With the change in the dynamics of the world there are very few families that are dependent on their children income to sustain. The affluency levels of middle-class / upper middle-class families have increased over the last one decade wherein the children who start earning need not have to bother about financially taking care of their parents. This new trend has led youngsters to spend more than their parents used to spend when they were young.

But are these young earning population aware of the hardship that they might face in the future when they get older? By the time the current 25 year old become 50 year old (the year would be 2040) he could be already staring at retirement because going by the researches done the new retirement age could be 50 and not 60 in the not-so-distant-future. So how does today’s youngster face his retirement days?

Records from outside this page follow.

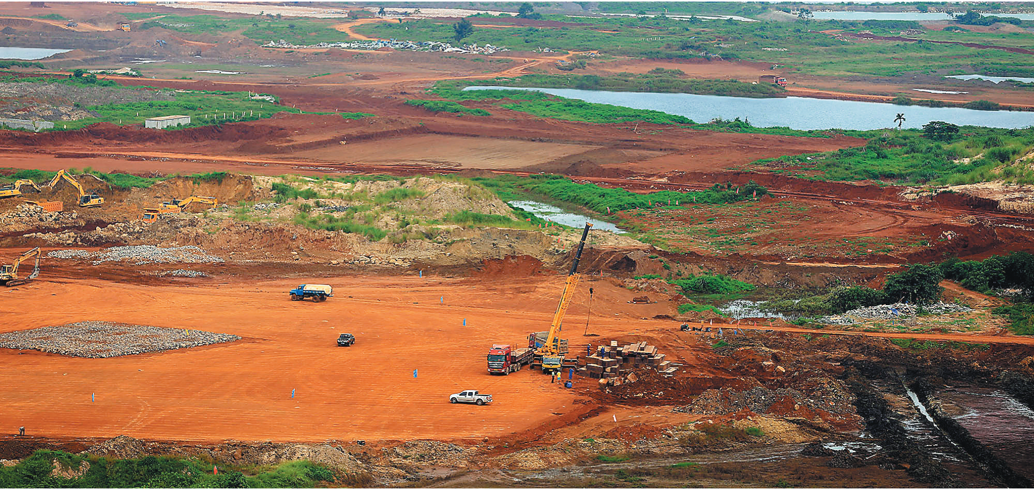
海口美兰机场二期扩建项目加紧建设

海南医疗队的到来不仅感动了磅湛，在金边甚至整个在柬埔寨都产生了极为深远的影响。柬埔寨国家电视台是该国唯一的公共电视台，在黄金时段对此次“光明行”做了长达11分钟的报道。柬埔寨主流柬文报纸《柬埔寨之光》持续聚焦“光明行”，并用整版报道启动仪式。当地华文媒体《柬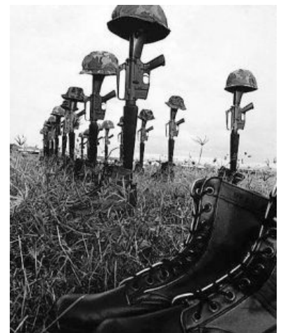
Конец немного предсказуем

К разгару боевых действий у Южного Вьетнама была собственная немаленькая армия, вооруженная американским оружием времен второй мировой и первых послевоенных лет (современные винтовки М-16 начали приходить на смену древним «гарандам» в середине войны). Удивительно, но будучи одним народом с северными, они не умели и не любили воевать. А, скорее всего, воевать за белого господина со своим же народом не очень-то и хотелось: половина боялась северных, а половина им симпатизировала, ибо проамериканские власти достали даже буддистов — ведь с ростом американского вмешательства усугублялся и пиздец в экономике. Нередки были случаи отказа идти в бой, даже танками против пехоты. Вдобавок в частях царили казнокрадство и поборы за всё — от еды и формы до повышений по службе — а также вытекающий из этого грабёж своего же населения. Неудивительно, что боеспособность такого войска, даже несмотря на хорошую вооружённость во второй половине войны, оставалась весьма низкой — как бы американские пропагандисты не превозносили отдельные успехи.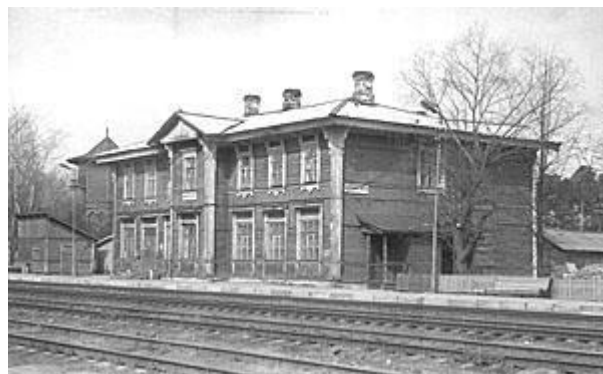
Ж/д вокзал п. Максатиха

В Максатихе в 1909 г. жил Н.С. Гумилев. В книге В. Лукницкой «Любовник. Рыцарь. Летописец» приводится хронология жизни Гумилева с указанием источников, из которых почерпнута информация:

At 4% annual inflation the monthly mandatory expenses bill by 2040 could be Rs.40000 per month if the same is Rs.15000 today. So the prudence would be to be equipped with such options to earn such kind of income when one is not actively working. One of the investing options for youngsters would be to invest in real estate today by not delaying or procrastinating the decision to do so.

Over the last one decade in and around Mysore city the prices of real estate has grown at a healthy pace of 12% to 15% annually making it one of the hottest investment destinations. As an example, if at the age of 25 to 30 years if one invests in a property such as a vacant site of 1200 sq.ft. at a cost of Rs.10 lakhs, in 25 years at 15% compounded rate the value could become Rs.3.30 crore which is terrific by all accounting standards. For a period of 20 years the same investment could become Rs.1.70 crore and for a period of 15 years the valuation could be Rs.81 lakhs.

Delaying to invest would lead to lesser realization of returns because the time of retirement would remain unchanged, but the funds required would remain to be the same. Apart from being one of the safer assets it can also offer handsome capital appreciation and also steady rental income if a house is built. So, it is highly recommended for youngsters to start investing when young and reap the benefit of long term.